(1) Replication method Male Wistar rats weighing 300-400 g. Lead wire: 0.36mm in diameter, which can be reused in the test. For easy operation, the lead wire can be shortened to 30cm. The perfusion catheter was shortened to 20cm, which caused myocardial infarction as a cardiac catheter. Animals were anesthetized by intraperitoneal injection of 3% pentobarbital at a dose of 50 mg/kg. Before intubation, preventive doses of lidocaine (2mg/kg, ip) and heparin (200U/kg, sc) were given to reduce the formation of ventricular fibrillation and thrombus. The animal was fixed on its back with a midline incision in the neck. Separate the right common carotid artery and ligate the distal end. A24-size hypodermic needle, puncture the common carotid artery. The standard for successful puncture is: arterial blood flows out from the inner needle. When the inner needle is removed, the outer sleeve can slowly enter the carotid artery. The exposed carotid artery was ligated with silk thread to prevent blood from flowing out. The cardiac catheter (with a j-shaped tip) enters the left coronary artery through the ascending aorta through the cannula under fluorescent guidance. The wire is gently attached to the root of the left coronary artery, and the wire is rotated counterclockwise into the left coronary artery (LCA). The wire is rotated clockwise at the root of the right coronary artery and enters the right coronary artery (RCA).
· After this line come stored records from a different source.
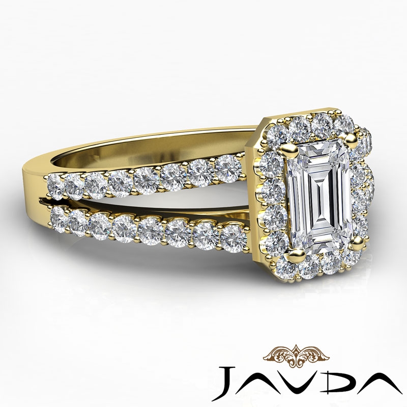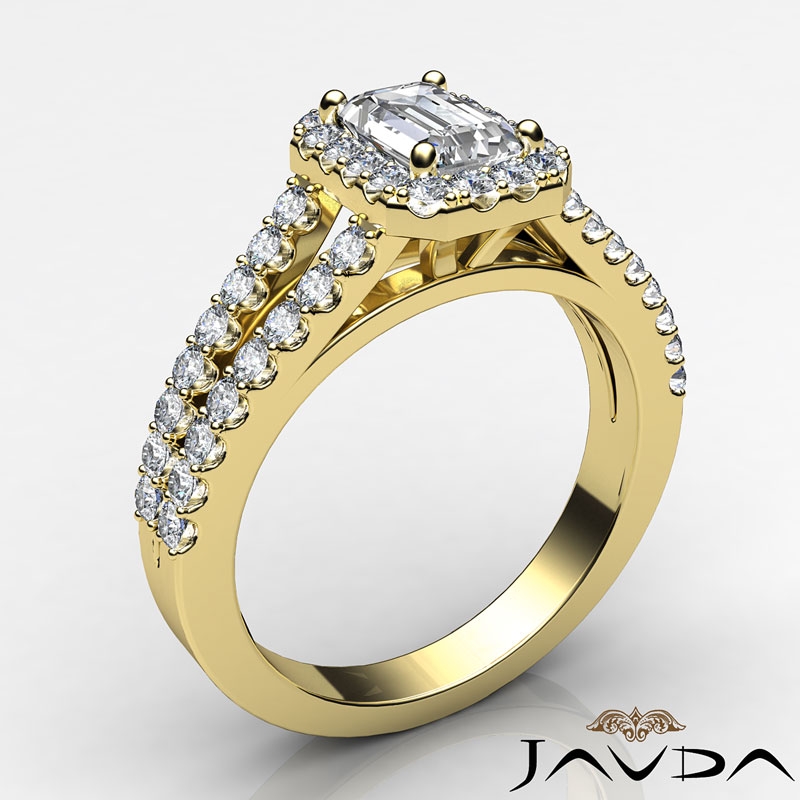 Split Shank Halo French Pave style Engagement Ring, center is Emerald shape Diamond Report by GIA, H Color & VVS1 clarity, Made in 18k Yellow Gold (1.25 ct. tw.)
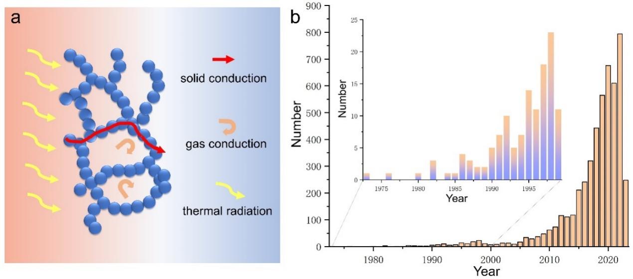 圖3. 氣凝膠熱傳導(dǎo)示意圖以及氣凝膠在熱管理應(yīng)用中的歷年文獻(xiàn)數(shù)量
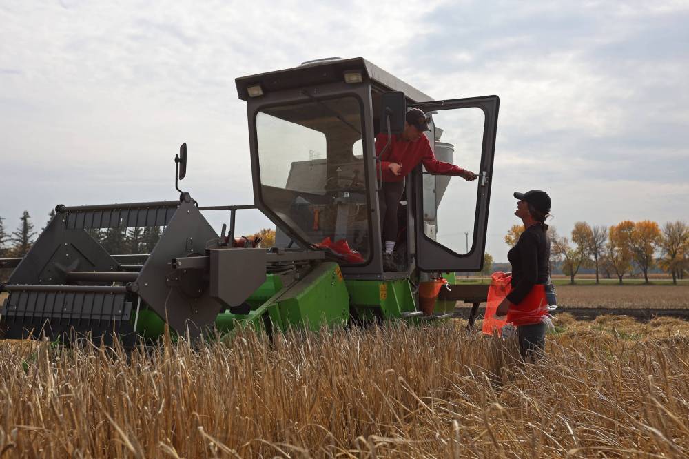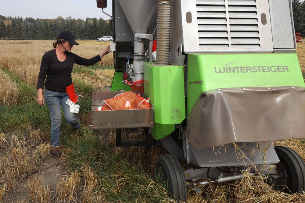 Loni Powell, a research technician with the Brandon Research and Development Centre, collects barley from harvested barley plots in bags as part of the BRDC barley breeding program on a warm Thursday.
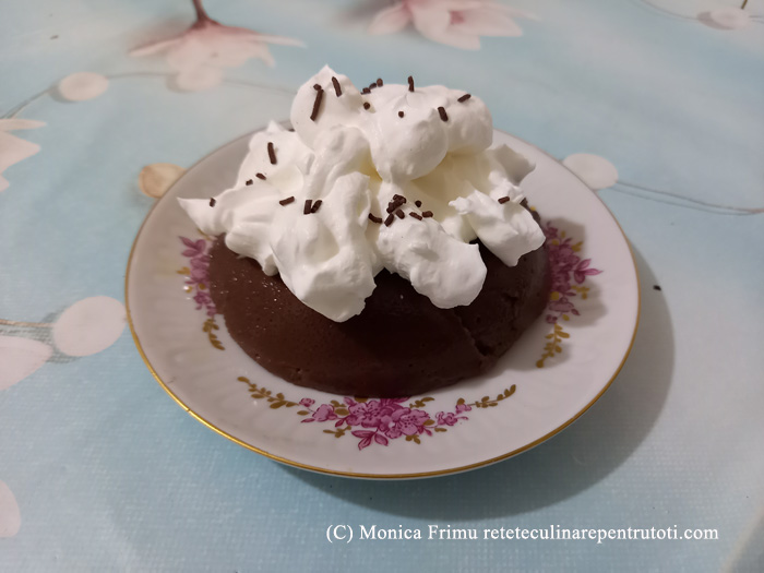 Rupem ciocolata bucățele. Clocotim laptele, punem ciocolata și amestecăm până se dizolvă. Turnăm treptat grisul și amestecăm continuu, pe foc mediu, până se îngroașă, aproximativ 5-7 minute. Punem zahărul, esența și amestecăm 2-3 minute, până se dizolvă. Răcorim, punem untul și mixăm la viteză maximă 3 minute. Umezim castronele cu apă rece, turnăm uniform compoziția, punem în frigider minim 3 ore. Răsturnăm pe farfurii, deasupra punem frișcă, presărăm decor de ciocolată și servim.
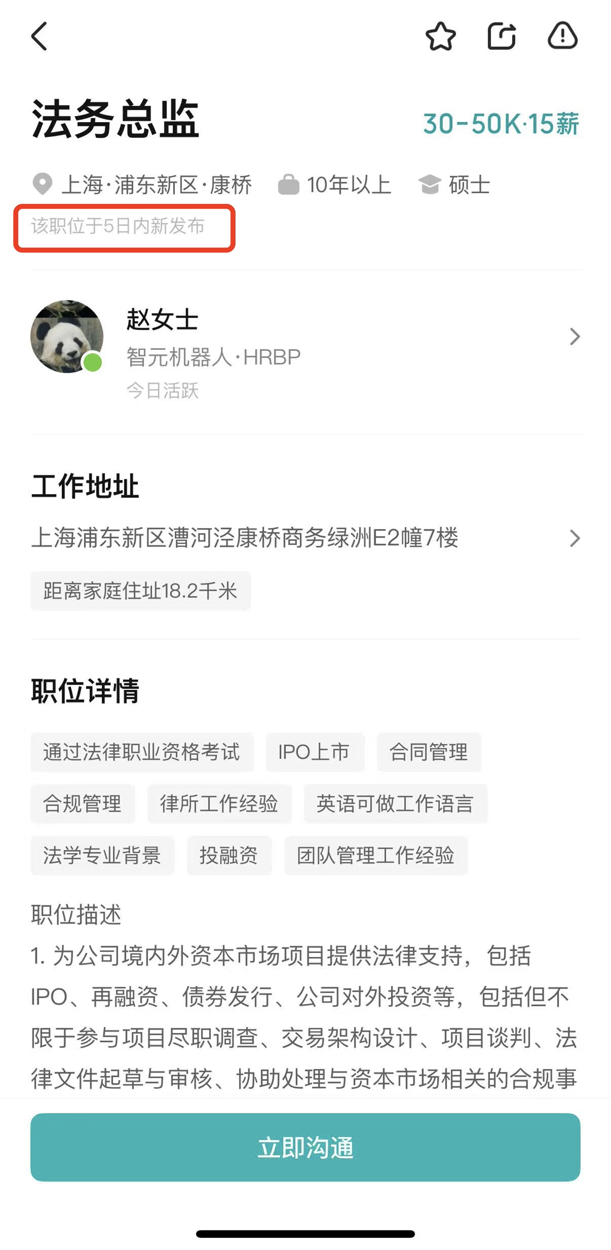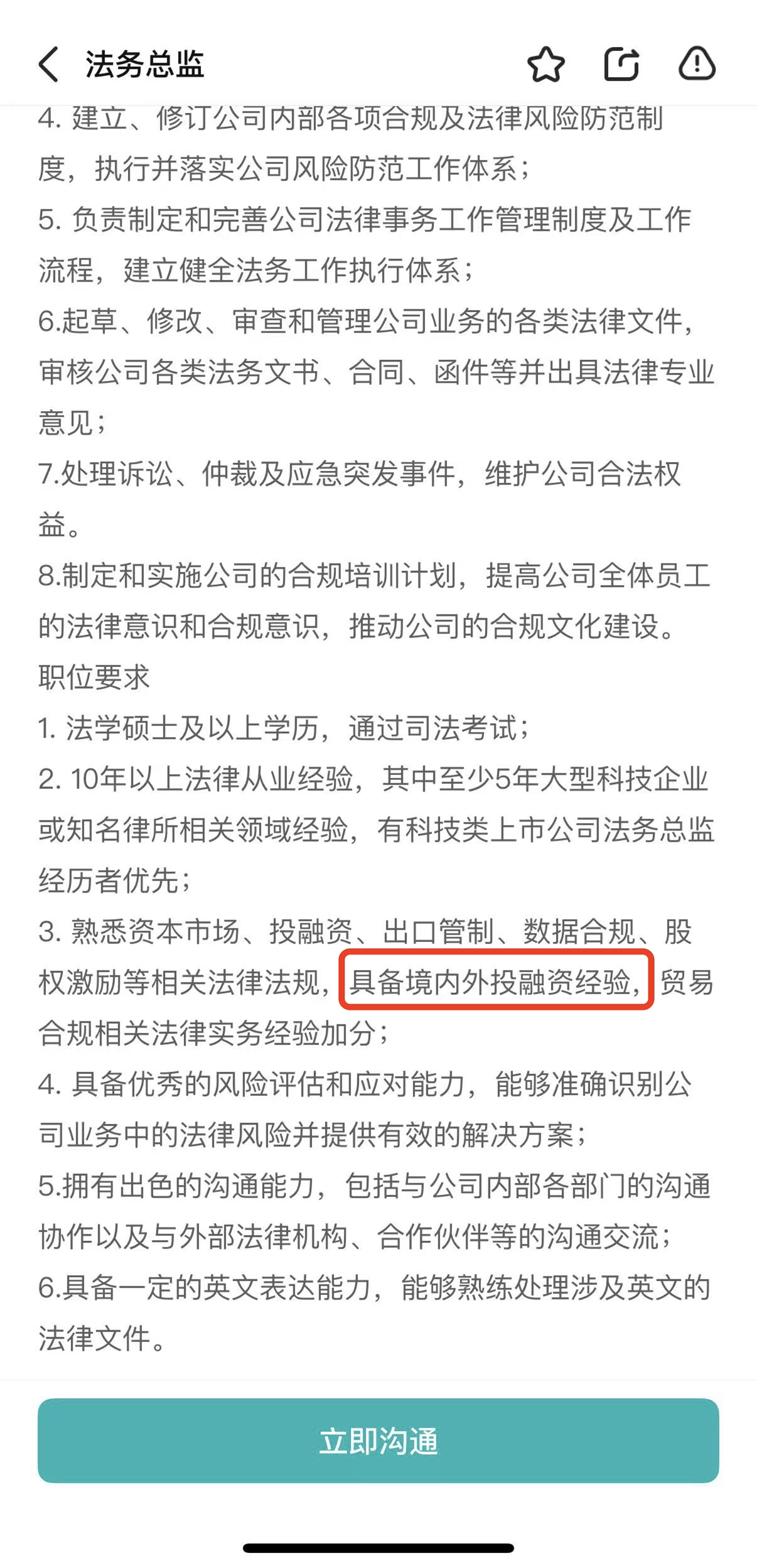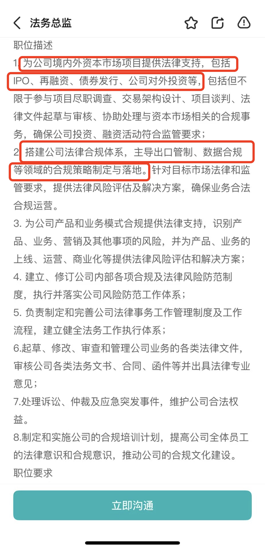 除了这个职位之外,智元机器人还同步释放了法务总监岗位,职责为为公司境内外资本市场项目提供法律支持,包括IPO、再融资等,主导出口管制、数据合规等工作,要求候选人具备境内外投融资经验等。

Once the lead enters the coronary artery, the lead slowly advances until the animal's ECG shows an elevated ST segment. The weight of the animals in this experiment is large, so that the thickness of the coronary arteries is equivalent to the outer diameter of the wire. Therefore, a few millimeters of the wire entering the coronary artery can completely block the blood supply downstream, resulting in transmural myocardial ischemia. The lead was removed 60 seconds after the coronary artery was blocked. At the end of the test, the overtube was removed, and after the carotid artery wound was completely closed, the skin incision was sutured. Transient myocardial ischemia occurred in both the right and left coronary arteries. When the lead enters the LCA, the ST segment rises significantly from V1 to V6, indicating that the left ventricle is transmural myocardial ischemia. After entering RCA, S-T segment elevation appeared in II, II, aVf, V1 and V2.
(2) Features of the model A transient myocardial ischemia model is established based on a small intubation technique, instead of thoracotomy, which greatly reduces surgical complications such as pneumothorax, infection, and animal deaths However, the difficulty of the model is significantly greater than that of the open-chest method, and the requirements for experimental equipment are high.
(3) Comparative medicine The rat suture method is used to create a myocardial infarction model, which can create transient myocardial ischemia in small animals that is less traumatic than coronary artery ligation. Secondly, this model can repeatedly create a consistent ischemic model that does not damage blood vessels in the same coronary artery area on the animal. Finally, the ischemia model caused by this guidewire can also be improved into an irreversible myocardial infarction model (thromboxane is injected into the coronary artery through a catheter to form a thrombus and block the blood vessel). The damage to blood vessels is small, and it can simulate the process of recovery after repeated myocardial ischemia.